There's this stackoverflow qanswer: http://stackoverflow.com/questions/11373203/accessing-inacti...

where answers try to distill the standard into something legible by humans. Unsurprisingly, they come to different conclusions.

The overall interpretation in some situations, if you look at things just right, you can do type punning in C++. But it's pretty risky since you're a LOC away from the compiler deleting your function.

Or, you can't really do it at all safely. Which I would conclude from the above anyways.

> You can't just shrug this away with "Well, if you want performance...", because people in fact don't want abstract "performance"... they want the language they were truly writing in to perform well, not for what is de facto a different dialect of the language to suddenly appear and replace the language they were using.

Is wanting a for loop setting an array to zero to optimize into memset optimizing the language they were truly writing in? I think it is. But that optimization frequently depends on undefined behavior.

UB exploitation usually exists because people filed bugs on compilers complaining that they didn't optimize some case they expected to optimize.

Is wanting a for loop setting an array to zero to optimize into memset optimizing the language they were truly writing in? I think it is. But that optimization frequently depends on undefined behavior.

Yes, this is a good optimization, since it efficiently does what the programmer intended. The bad optimization is removing the security-essential loop altogether when the compiler notices that result appears unused, and sensitive information is left susceptible to later attack.

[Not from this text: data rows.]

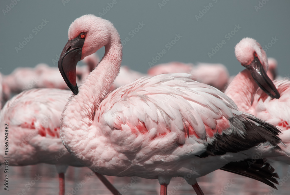 Flock of flamingos strolling through a reflective lagoon under a radiant African sky. Authentic wildlife scene from Namibia, ideal for nature, birdwatching, and travel content.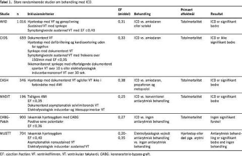 Siden den første publikation i Ugeskrift for Læger om behandling med ICD [2] er resultaterne fra en række randomiserede studier af gevinsten ved ICD-implantation blevet offentliggjort. I det følgende beskrives seks store kontrollerede, randomiserede studier, hvori man har undersøgt fordelene ved ICD-implantation som førstevalgsbehandling til højrisikopatienter (Tabel 1 ).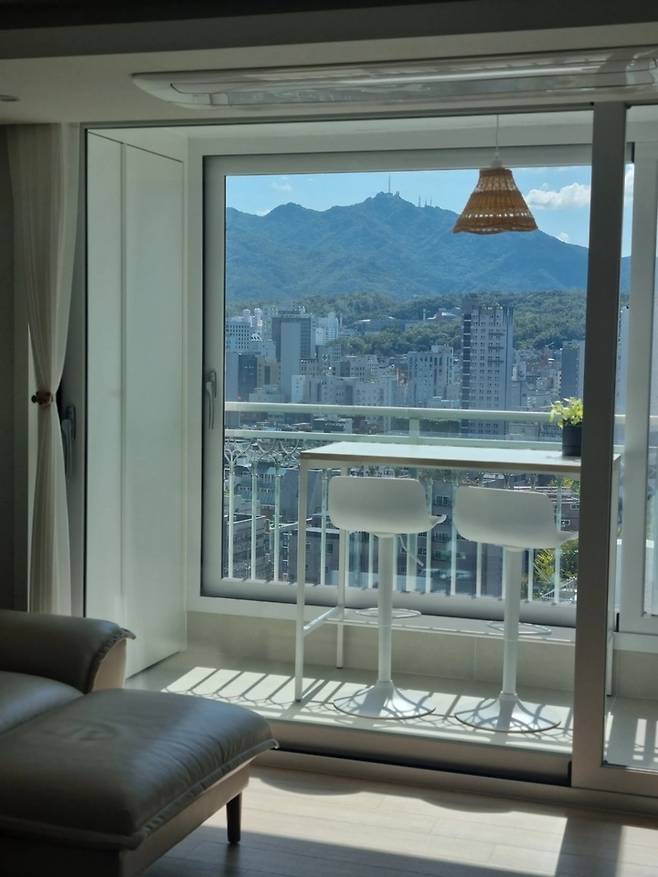 그리고 매일 거실 앞에 펼쳐진 산뷰를 보면서 이 집을 선택하길 잘했다고 생각하고 있어요. 이 집에 산 뒤로부터 외식 횟수가 줄었고 서울 근교 대형카페도 안 가게 되었어요. 베란다만 나가면 바로 저희 집이 명당 자리거든요.

UB exploitation usually exists because people filed bugs on compilers complaining that they didn't optimize some case they expected to optimize.

I doubt that anyone has ever filed a bug saying "I explicitly wrote a loop to zero memory, but the compiler failed to optimize it out." If you know of one, please point to it. I think you are throwing out the baby (intentional C) with the bathwater (autogenerated C++).

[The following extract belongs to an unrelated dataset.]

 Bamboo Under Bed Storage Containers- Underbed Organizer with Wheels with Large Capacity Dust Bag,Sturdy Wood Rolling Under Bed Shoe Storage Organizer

> I doubt that anyone has ever filed a bug saying "I explicitly wrote a loop to zero memory, but the compiler failed to optimize it out."

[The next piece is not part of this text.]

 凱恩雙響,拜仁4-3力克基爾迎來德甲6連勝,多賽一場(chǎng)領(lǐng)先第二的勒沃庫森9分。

That optimization is a natural consequence of SROA and DCE. If you claim you don't want those optimizations, I don't know what to tell you. Those optimizations are some of the most basic, critical optimizations any modern C/C++ compiler does and throwing them away can easily result in at least a 2x performance loss.

The optimization actually has very little to do with SROA. In LLVM there is a special loop idiom recognition pass designed to detect memset / memcpy loops that works after ordinary SSA conversion.
> I doubt that anyone has ever filed a bug saying "I explicitly wrote a loop to zero memory, but the compiler failed to optimize it out."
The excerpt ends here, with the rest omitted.